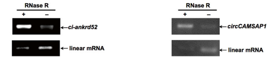 图10 RNase R消化后进行PCR检测,与RNase R(-)组相比,RNase R(+)组中linear mRNA条带变淡,表明被消化;RNase R(+)组中ci-ankrd52和circCAMSAP1条带变亮,表明被富集(Zhang Y et al., 2016)
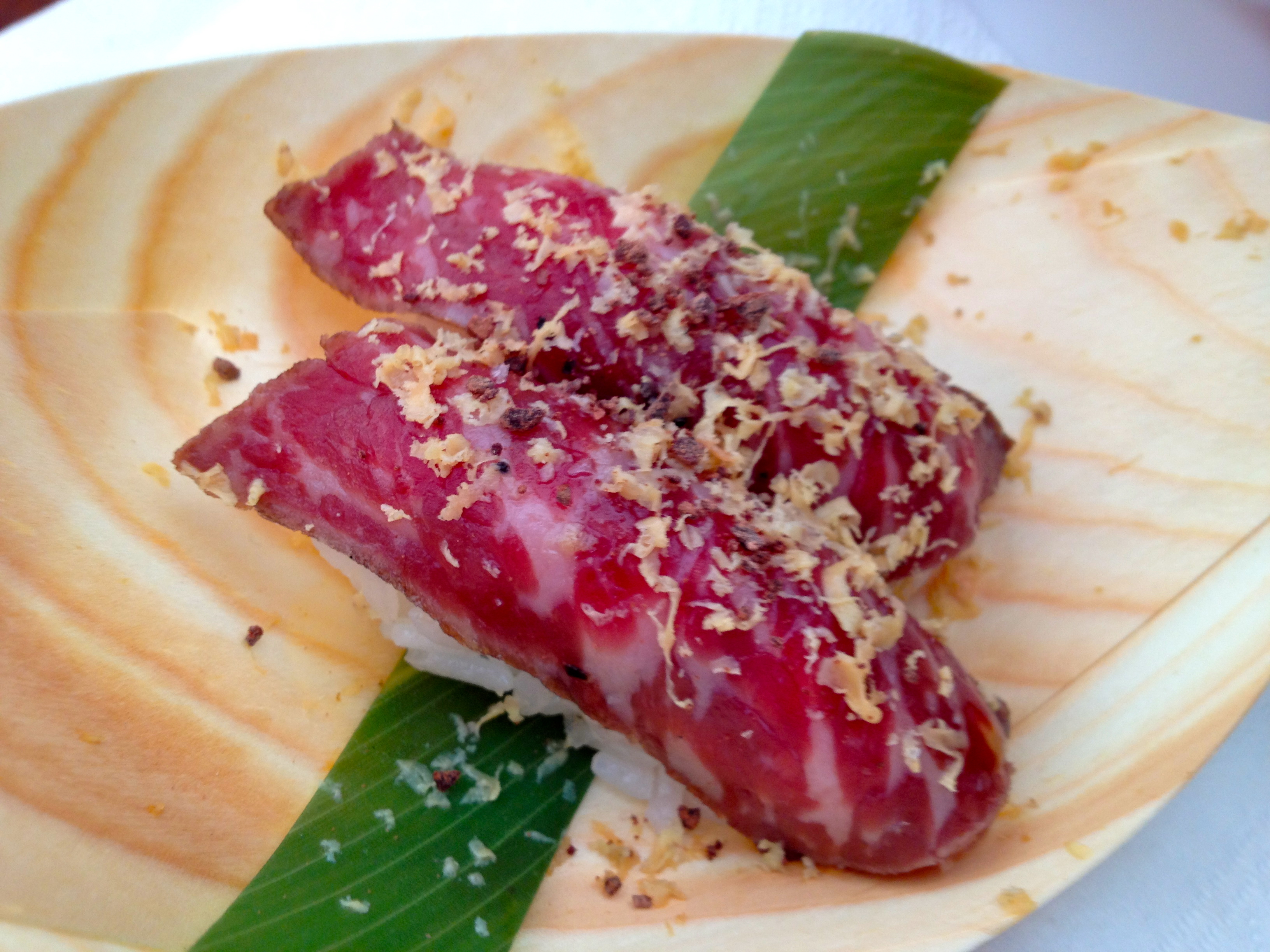 We plumped for the Wagyu Nigiri ponzu with foie gras and shavings of Peruvian chocolate.
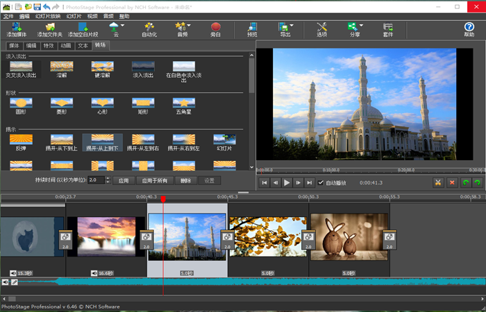 从丰富的转场中进行选择。
• • •
> **Assigned task**: Please copy exactly, and only, the lines from the one that contains "We plumped for" through the last line of the data above, omitting all pictures.

> **Response to the exercise**:
 We plumped for the Wagyu Nigiri ponzu with foie gras and shavings of Peruvian chocolate.
 从丰富的转场中进行选择。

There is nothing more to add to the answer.